Here are a few highlights of our ongoing effort to convert an old "big dish" home satellite television receiving station into a fully-steerable
3-meter radio telescope system. Over 40 students have been involved in this
project to date.
Figure 1:
Early work on the project. Left to right:
WKU physics students retrieving the 10-foot satellite dish in Summer 2016, a
student studying the original mount system in Spring 2017, and a Summer 2017
engineering model of the original mount, which was unable to point at all
desired celestial targets and thus required upgrading.
Figure 2:
Some WKU student teams who have worked to convert the satellite dish system
into a proper radio telescope.
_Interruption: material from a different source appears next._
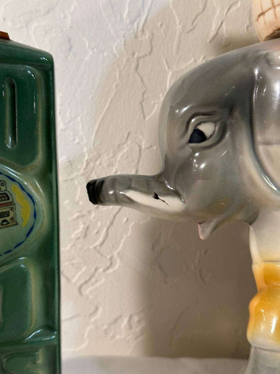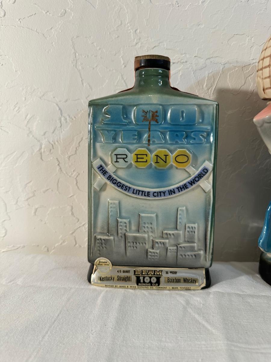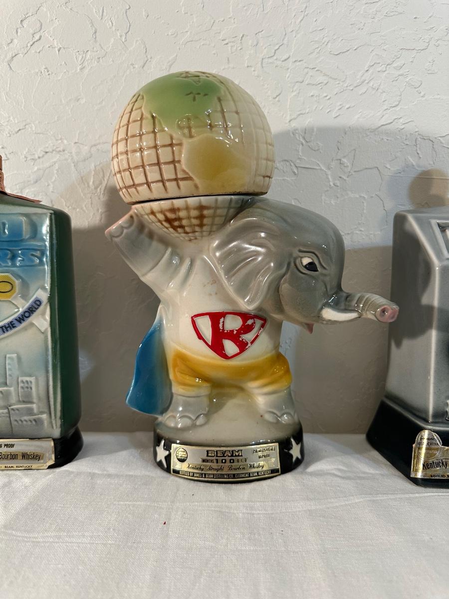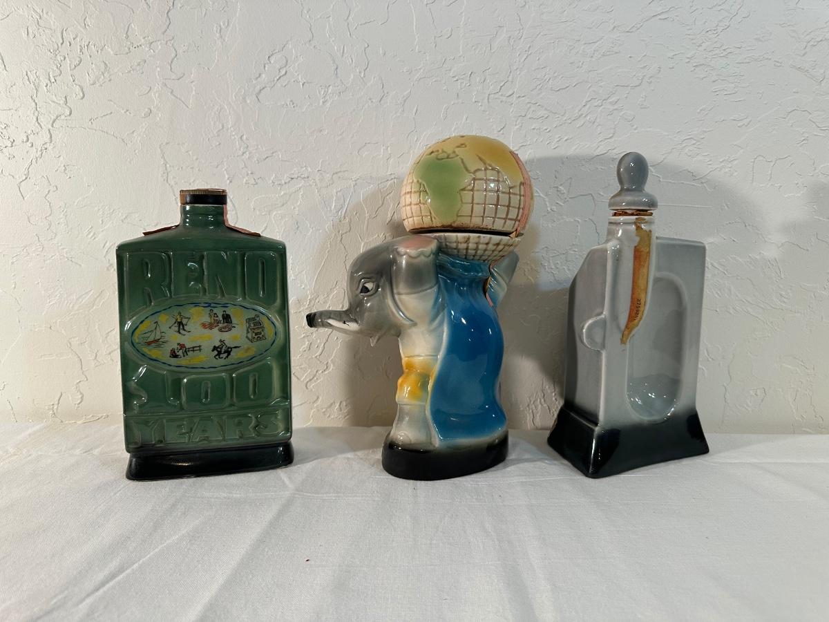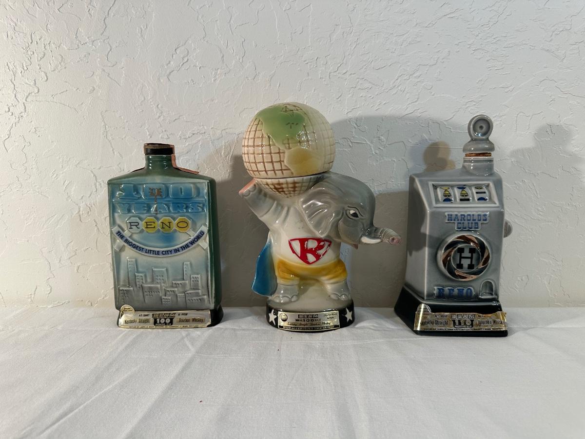 2 RENO AND AN ELEPHANT HOLDING THE WORLD JIM BEAM DECANTERS

Left to right: Engineering azimuth axis
design team (with faculty advisors), Fall 2018; Physics motor control and
receiver interface teams, Spring 2019; Engineering azimuth axis build team,
Summer 2019
Figure 3:
Mechanical engineering design work from Spring 2020. Left to
right: Full model of redesigned mechanical system (now able to point
anywhere in the sky); altitude axis assembly; motor enclosure and
counterweights.
Figure 4:
A few 2020-2021 activities,
left to right:
Bench test of drive motor control system;
disk-shaped L-band ``patch'' antenna feed, of possible use for detecting
hydrogen gas clouds drifting between the stars in our galaxy;
patch feed on 6-foot test dish;
field survey of very low frequency waves from distant lightning storms.
Figure 5:
Some 2021-2022 activities,
left to right:
Software-defined radio receiver test (using public FM broadcast band);
full tabletop test of C-band receiver with battery power (to be used on the
radio telescope to detect the Sun, planets, old supernovas, and distant
galaxies);
field test of full receiver system at WKU's Bell Observatory.
Figure 6:
Subsequent receiver work, 2022-2023,
left to right:
Radio frequency interference check at the WKU Agriculture and Reseach Educaton
Center (a.k.a., the ``Ag Farm''), a possible telescope site;
experimental ``coffee-can'' feed for L-band reception;
modifying the coffee-can feed probe antenna.
Figure 7:
Telescope hardware work, 2022-2023,
left to right:
Schematic diagram for locally-designed circuit board to handle axis angle
encoder data to track telescope pointing on sky;
axis encoder interface board printed from WKU design;
dual-shaft altitude-axis gearbox (blue) to control telescope pointing angle
above the horizon, standing next to 3-D printed model (red) made at WKU to
ensure design compatibility with other hardware.